**What you need to do:**
Could you give the data that follows again exactly, without its pictures?

**Information shown:**
------------------------------------------------
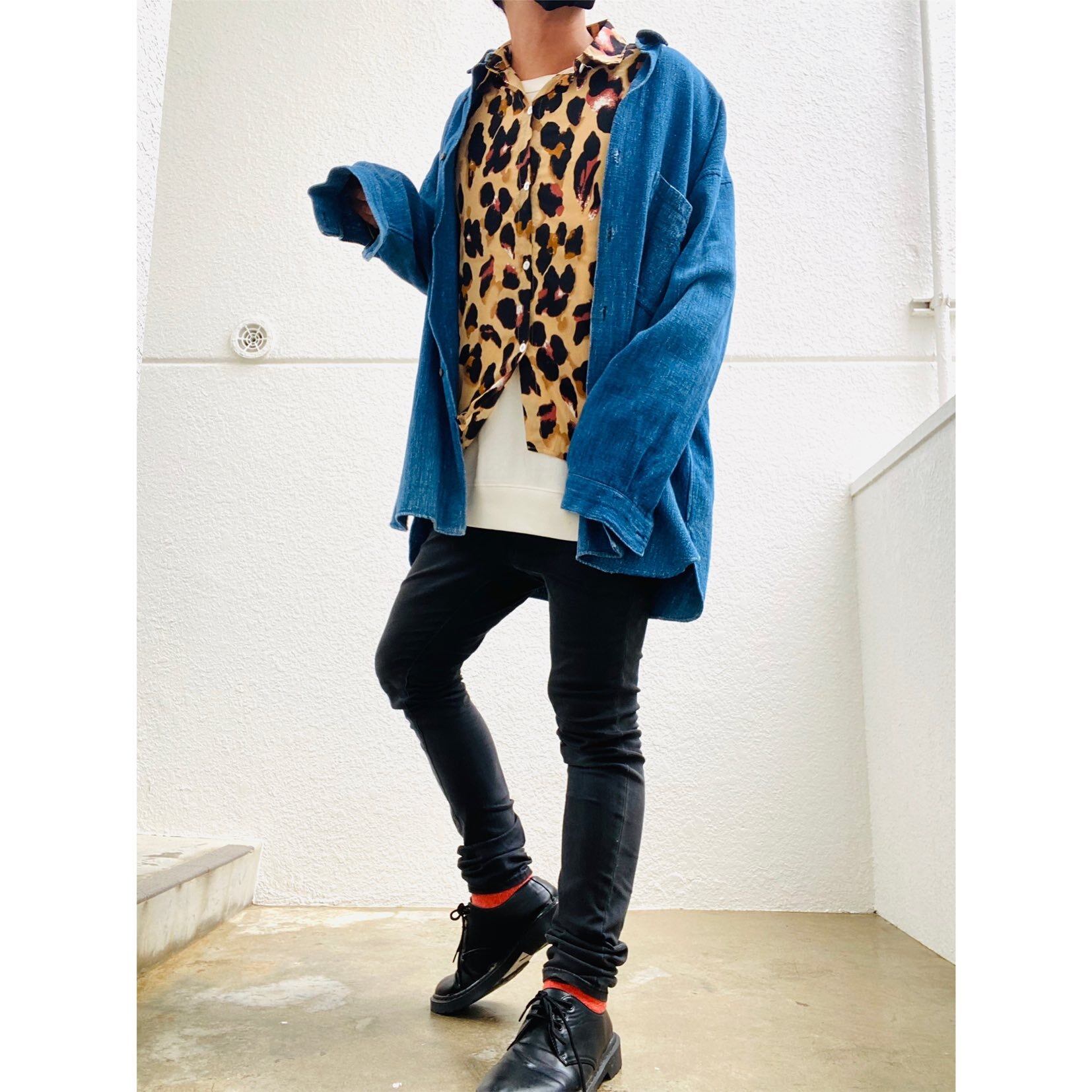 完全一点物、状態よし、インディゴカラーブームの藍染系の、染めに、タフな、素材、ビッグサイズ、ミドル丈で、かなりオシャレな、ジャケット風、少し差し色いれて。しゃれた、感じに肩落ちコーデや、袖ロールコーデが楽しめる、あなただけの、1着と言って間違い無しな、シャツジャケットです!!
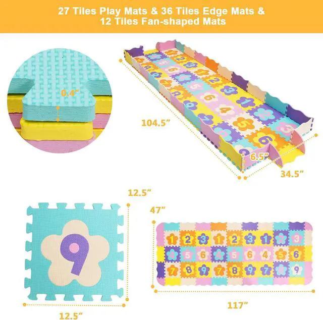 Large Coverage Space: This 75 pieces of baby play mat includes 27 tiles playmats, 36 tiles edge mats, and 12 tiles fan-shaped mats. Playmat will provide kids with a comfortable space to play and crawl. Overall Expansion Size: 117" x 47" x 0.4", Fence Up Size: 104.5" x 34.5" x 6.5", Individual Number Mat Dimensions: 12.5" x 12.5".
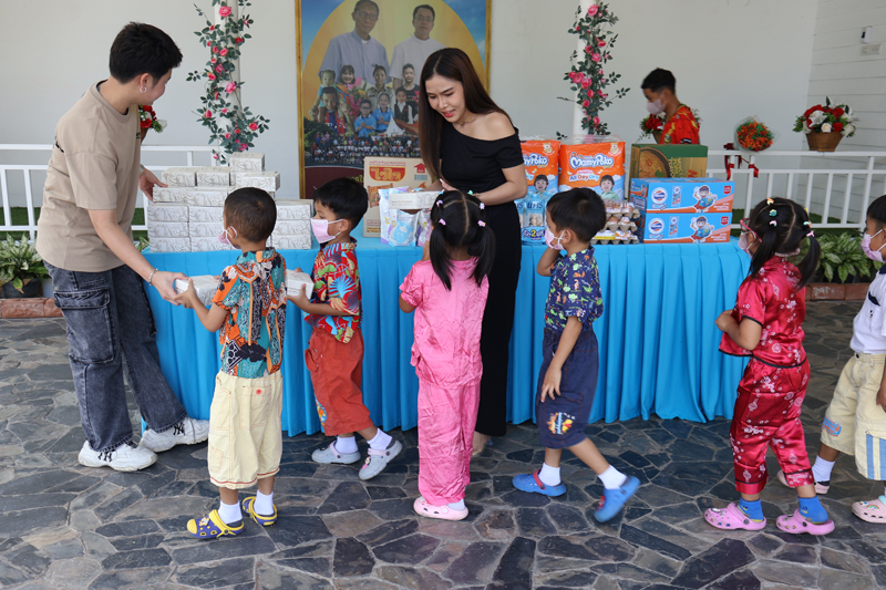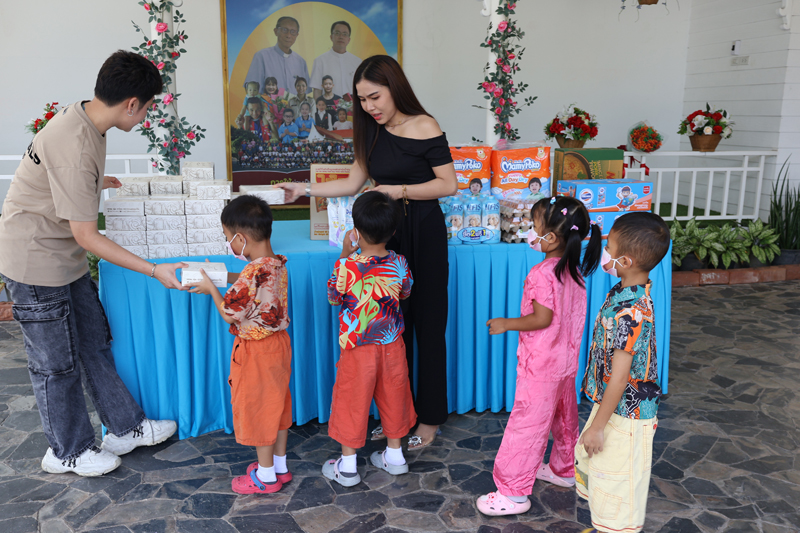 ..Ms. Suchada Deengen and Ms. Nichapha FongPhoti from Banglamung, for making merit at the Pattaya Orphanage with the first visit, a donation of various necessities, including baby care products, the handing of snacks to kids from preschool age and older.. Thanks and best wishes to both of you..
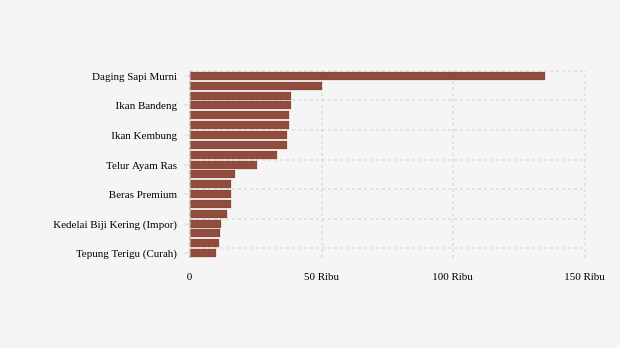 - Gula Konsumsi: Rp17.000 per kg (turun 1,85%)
------------------------------------------------
**Result:**
 完全一点物、状態よし、インディゴカラーブームの藍染系の、染めに、タフな、素材、ビッグサイズ、ミドル丈で、かなりオシャレな、ジャケット風、少し差し色いれて。しゃれた、感じに肩落ちコーデや、袖ロールコーデが楽しめる、あなただけの、1着と言って間違い無しな、シャツジャケットです!!
 Large Coverage Space: This 75 pieces of baby play mat includes 27 tiles playmats, 36 tiles edge mats, and 12 tiles fan-shaped mats. Playmat will provide kids with a comfortable space to play and crawl. Overall Expansion Size: 117" x 47" x 0.4", Fence Up Size: 104.5" x 34.5" x 6.5", Individual Number Mat Dimensions: 12.5" x 12.5".
 ..Ms. Suchada Deengen and Ms. Nichapha FongPhoti from Banglamung, for making merit at the Pattaya Orphanage with the first visit, a donation of various necessities, including baby care products, the handing of snacks to kids from preschool age and older.. Thanks and best wishes to both of you..
 - Gula Konsumsi: Rp17.000 per kg (turun 1,85%)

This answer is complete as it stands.